Description of the task
Return the full set of entries precisely. Do not carry over any pictures.
━━━
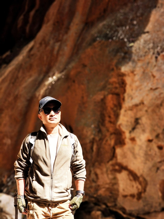 这位探险者的姿态显得自信而从容,仿佛在欣赏周围的自然美景或是准备迎接接下来的挑战。 整个画面充满了冒险和探索的气息,展现了大自然的力量与美丽,以及人类对未知世界的好奇心和勇气。
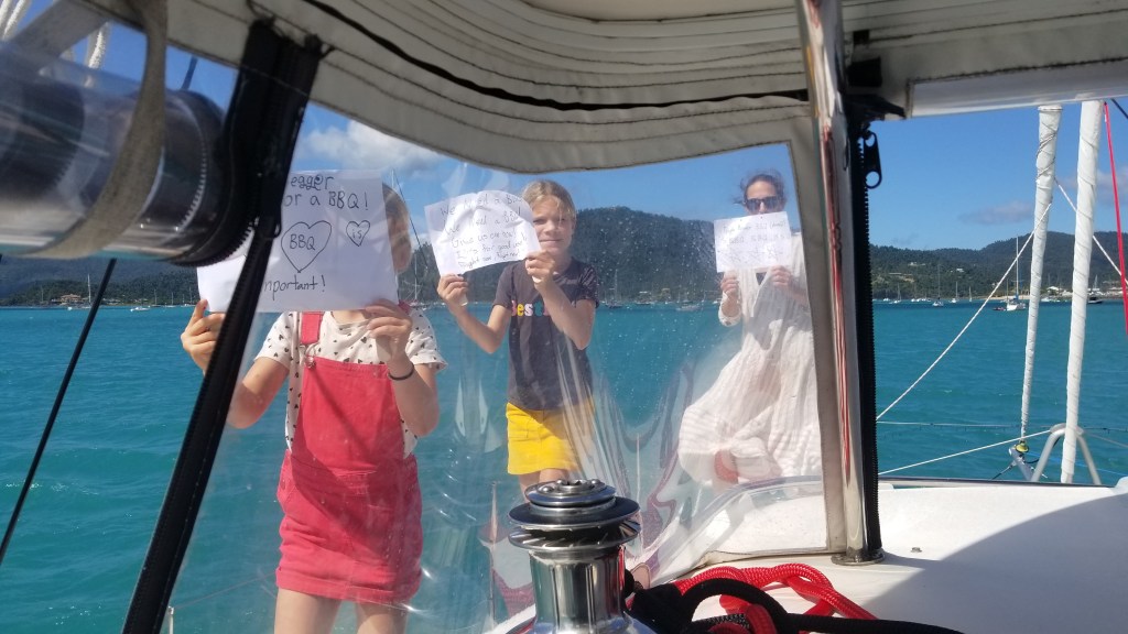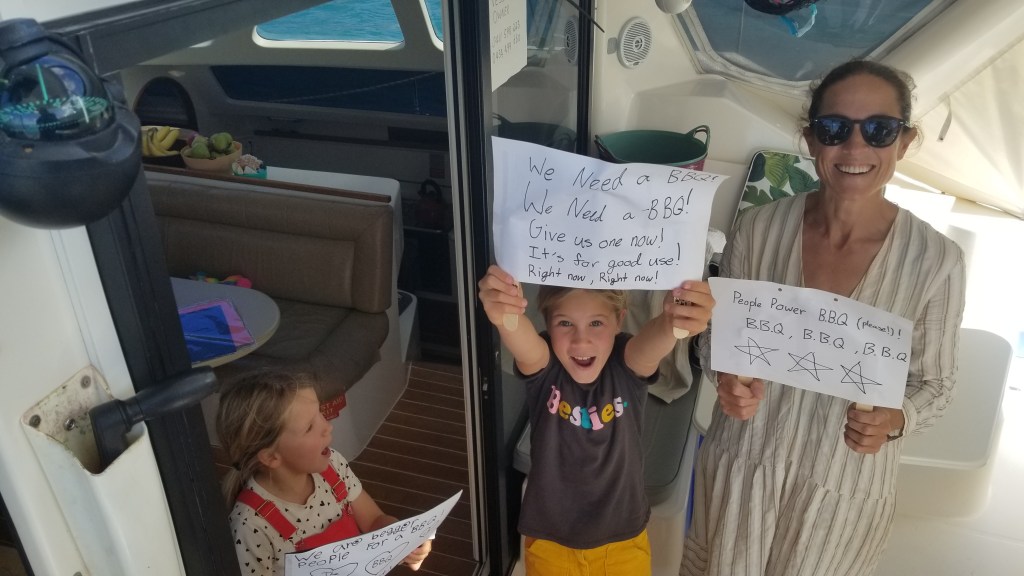 PROTEST MARCH. The girls want a BBQ. We have a BBQ, but it’s in storage because our super-sized dinghy and surfboards use the space, and generally we don’t eat meat. The girls seemed passionate. I joined the (unsuccessful) march.
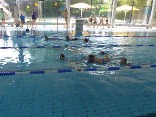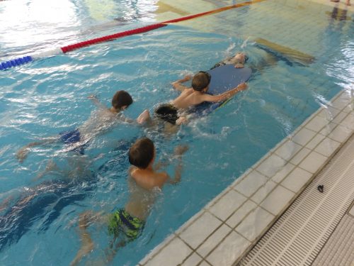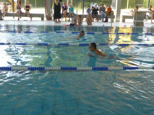 Im letzten Teil des Wettkampfes sind insgesamt 6 Staffeln mit je 4 Teilnehmern angetreten. Jeder Teilnehmer musste zunächst, dem Prinzip einer Staffel folgend, 50m schwimmen (die Kleineren nur 25m). Danach galt es für die Staffeln, 50m als Team zu bewältigen. Eine / einer liegt, sitzt oder steht auf einem Brett (Sitzen oder Stehen war leider nicht zu sehen, alle haben sich für’s Liegen entschieden), und wird von den anderen geschoben, gezogen oder sonst irgendwie durch’s Wasser bewegt. Alle 6 Staffeln haben ihr Bestes gegeben und bis zum Schluss gekämpft. Siegerstaffel waren ‘Die Flotten Seepferdchen’. Und nicht nur im Staffelwettbewerb, sondern in allen Rennen, war es beeindruckend zu sehen mit wieviel Feuereifer jede und jeder Einzelne dabei war und das Beste aus sich herausgeholt hat.
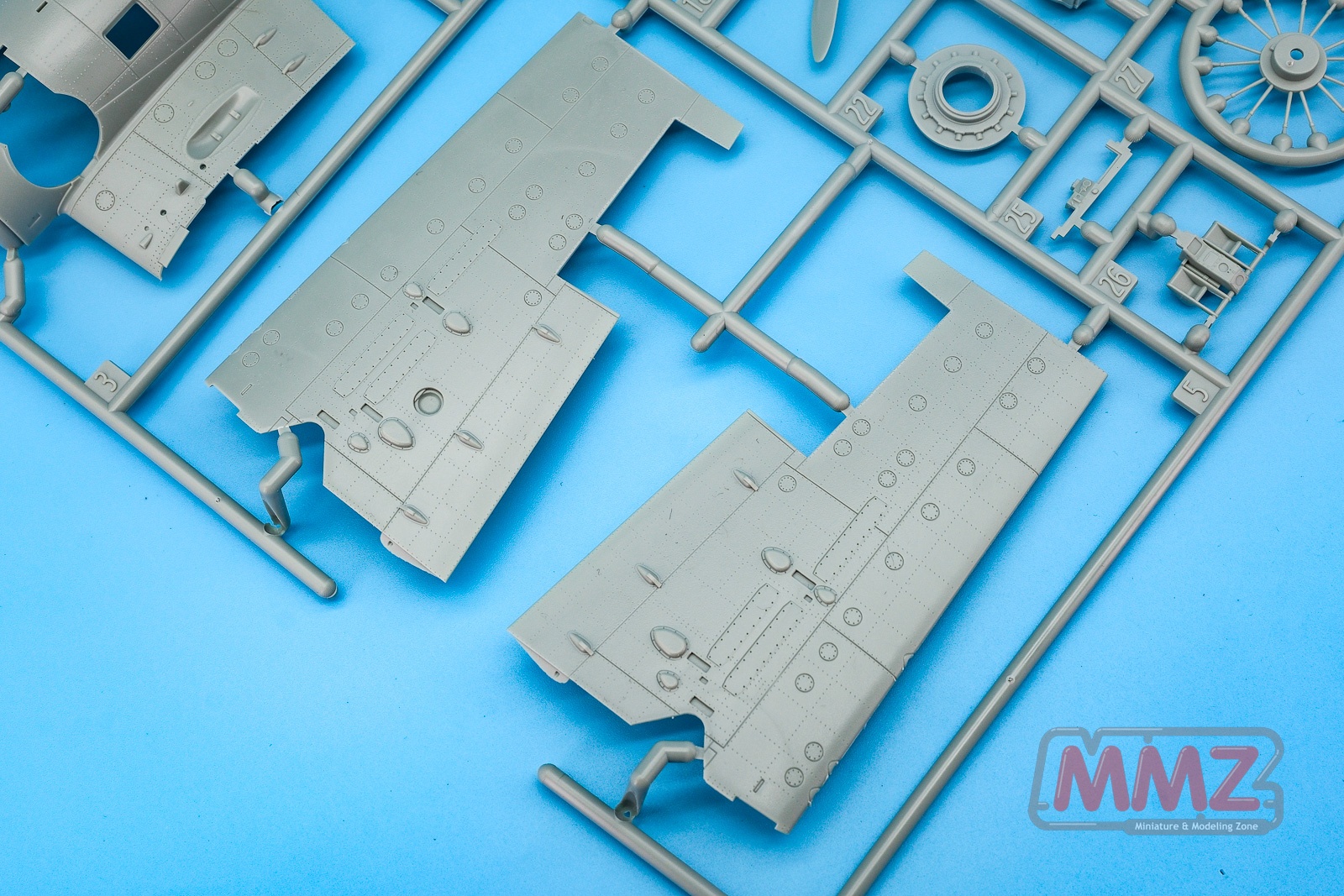 Sprue B contains the cockpit, additional parts for the folded wings, and various other components.
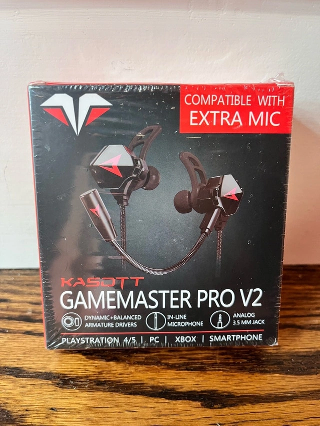 Experience immersive gaming with these new Kasott GameMaster Pro V2 headphones, boasting dynamic balanced armature drivers and an in-line microphone, compatible with Playstation 4/5, PC, Xbox, and smartphones, complete with an analog 3.5mm jack. Specifications: * Dynamic Balanced Armature Drivers * In-line Microphone * Analog 3.5mm Jack * Compatible with Playstation 4/5, PC, Xbox, Smartphone
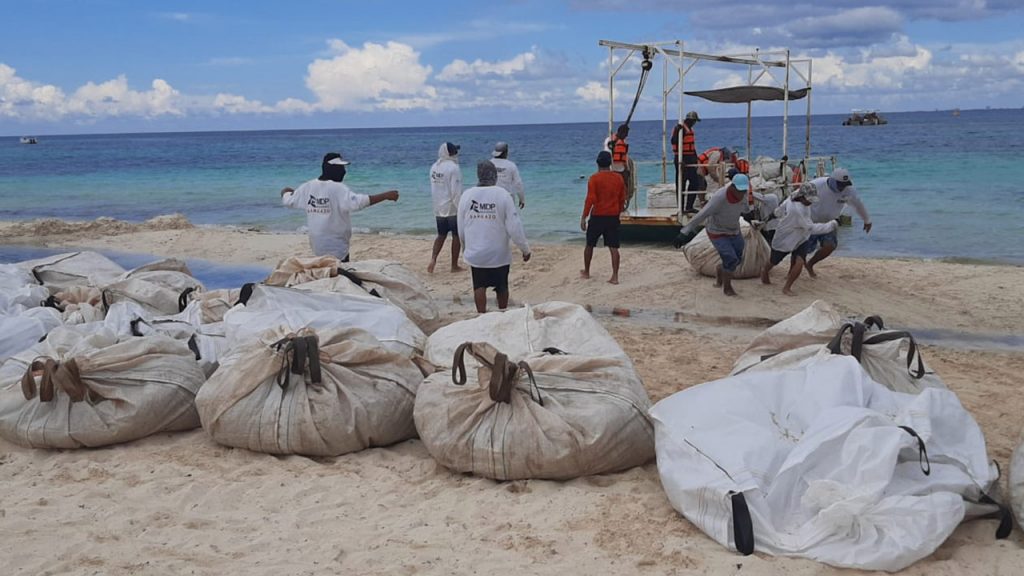 Con un equipo de alta tecnología, cuatro embarcaciones, dos de ellas de las llamadas sargaceras y dos barcazas para recolectar el alga marina en el mar e impedir su arribo a la playa, apoyada con un equipo humano de más de 50 personas, la empresa contratista MIDP inició a toda marcha los trabajos para contener el sargazo y mantener limpias las playas de este centro vacacional.
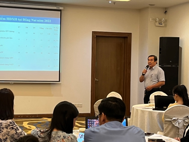 BS Nguyễn Xuân Quang - Trung tâm Kiểm soát bệnh tật tỉnh Đồng Nai báo cáo kết quả triển khai thí điểm HĐXH tại tỉnh
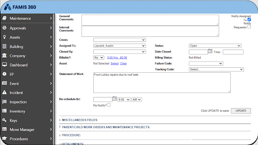 - Accruent FAMIS 360 – Powerful data consolidation and reporting flexibility built for complex facility operations.
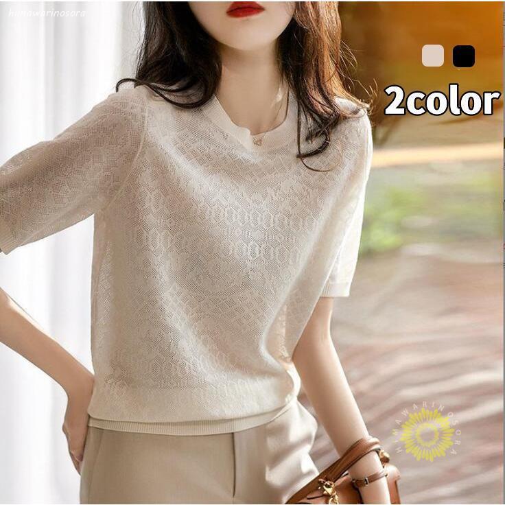 ニットTシャツ レディース 春夏 半袖ニットソー レションニットトップス薄手...
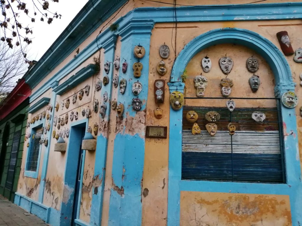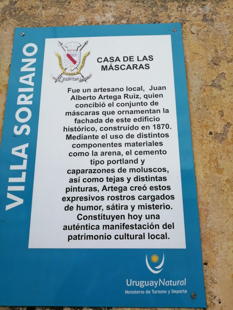 A pocas cuadras, sobre la esquina de Cabildo e Ituzaingó, se encuentra la Casa de las Máscaras, una de las expresiones más singulares del arte popular del litoral. La vivienda fue intervenida por Juan Alberto Artega Ruiz, “Don Paco”, albañil y artista autodidacta nacido en la villa en 1910. A lo largo de su vida creó cientos de máscaras de cemento, decoradas con conchillas, piedras y otros elementos naturales, cuyas expresiones reflejaban sus estados de ánimo. Hoy, la casa —cuidada por su familia— conserva ese legado como parte viva de la identidad cultural de Villa Soriano.
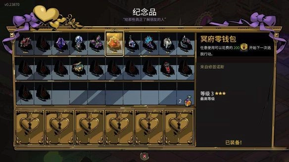 玩家第一次赠送NPC仙酒会受到回礼,这些回礼可以理解为饰品,佩戴时都会有额外的效果。携带饰品进行战斗能够让其升级,饰品和武器在同一房间玩家可以在战斗前和完成一张地图时进行更换。
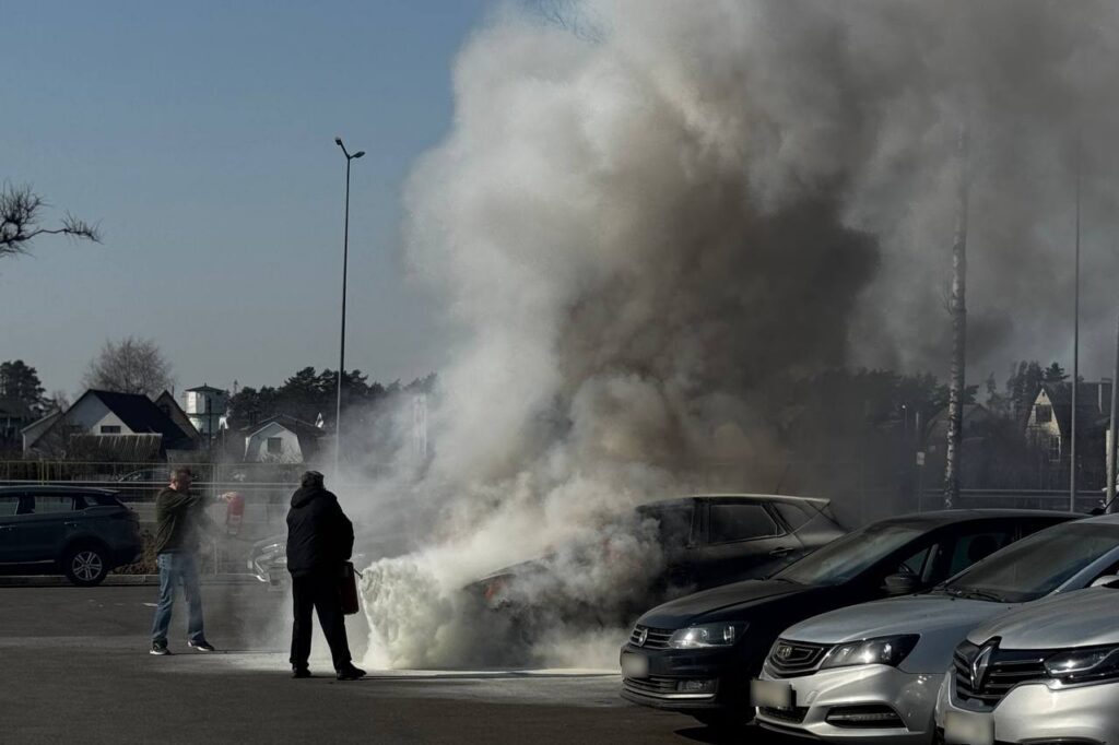 У ТЦ «Валерьяново» вспыхнул автомобиль – прохожие бросились тушить машину огнетушителями
━━━
Finished exercise
 这位探险者的姿态显得自信而从容,仿佛在欣赏周围的自然美景或是准备迎接接下来的挑战。 整个画面充满了冒险和探索的气息,展现了大自然的力量与美丽,以及人类对未知世界的好奇心和勇气。
 PROTEST MARCH. The girls want a BBQ. We have a BBQ, but it’s in storage because our super-sized dinghy and surfboards use the space, and generally we don’t eat meat. The girls seemed passionate. I joined the (unsuccessful) march.
 Im letzten Teil des Wettkampfes sind insgesamt 6 Staffeln mit je 4 Teilnehmern angetreten. Jeder Teilnehmer musste zunächst, dem Prinzip einer Staffel folgend, 50m schwimmen (die Kleineren nur 25m). Danach galt es für die Staffeln, 50m als Team zu bewältigen. Eine / einer liegt, sitzt oder steht auf einem Brett (Sitzen oder Stehen war leider nicht zu sehen, alle haben sich für’s Liegen entschieden), und wird von den anderen geschoben, gezogen oder sonst irgendwie durch’s Wasser bewegt. Alle 6 Staffeln haben ihr Bestes gegeben und bis zum Schluss gekämpft. Siegerstaffel waren ‘Die Flotten Seepferdchen’. Und nicht nur im Staffelwettbewerb, sondern in allen Rennen, war es beeindruckend zu sehen mit wieviel Feuereifer jede und jeder Einzelne dabei war und das Beste aus sich herausgeholt hat.
 Sprue B contains the cockpit, additional parts for the folded wings, and various other components.
 Experience immersive gaming with these new Kasott GameMaster Pro V2 headphones, boasting dynamic balanced armature drivers and an in-line microphone, compatible with Playstation 4/5, PC, Xbox, and smartphones, complete with an analog 3.5mm jack. Specifications: * Dynamic Balanced Armature Drivers * In-line Microphone * Analog 3.5mm Jack * Compatible with Playstation 4/5, PC, Xbox, Smartphone
 Con un equipo de alta tecnología, cuatro embarcaciones, dos de ellas de las llamadas sargaceras y dos barcazas para recolectar el alga marina en el mar e impedir su arribo a la playa, apoyada con un equipo humano de más de 50 personas, la empresa contratista MIDP inició a toda marcha los trabajos para contener el sargazo y mantener limpias las playas de este centro vacacional.
 BS Nguyễn Xuân Quang - Trung tâm Kiểm soát bệnh tật tỉnh Đồng Nai báo cáo kết quả triển khai thí điểm HĐXH tại tỉnh
 - Accruent FAMIS 360 – Powerful data consolidation and reporting flexibility built for complex facility operations.
 ニットTシャツ レディース 春夏 半袖ニットソー レションニットトップス薄手...
 A pocas cuadras, sobre la esquina de Cabildo e Ituzaingó, se encuentra la Casa de las Máscaras, una de las expresiones más singulares del arte popular del litoral. La vivienda fue intervenida por Juan Alberto Artega Ruiz, “Don Paco”, albañil y artista autodidacta nacido en la villa en 1910. A lo largo de su vida creó cientos de máscaras de cemento, decoradas con conchillas, piedras y otros elementos naturales, cuyas expresiones reflejaban sus estados de ánimo. Hoy, la casa —cuidada por su familia— conserva ese legado como parte viva de la identidad cultural de Villa Soriano.
 玩家第一次赠送NPC仙酒会受到回礼,这些回礼可以理解为饰品,佩戴时都会有额外的效果。携带饰品进行战斗能够让其升级,饰品和武器在同一房间玩家可以在战斗前和完成一张地图时进行更换。
 У ТЦ «Валерьяново» вспыхнул автомобиль – прохожие бросились тушить машину огнетушителями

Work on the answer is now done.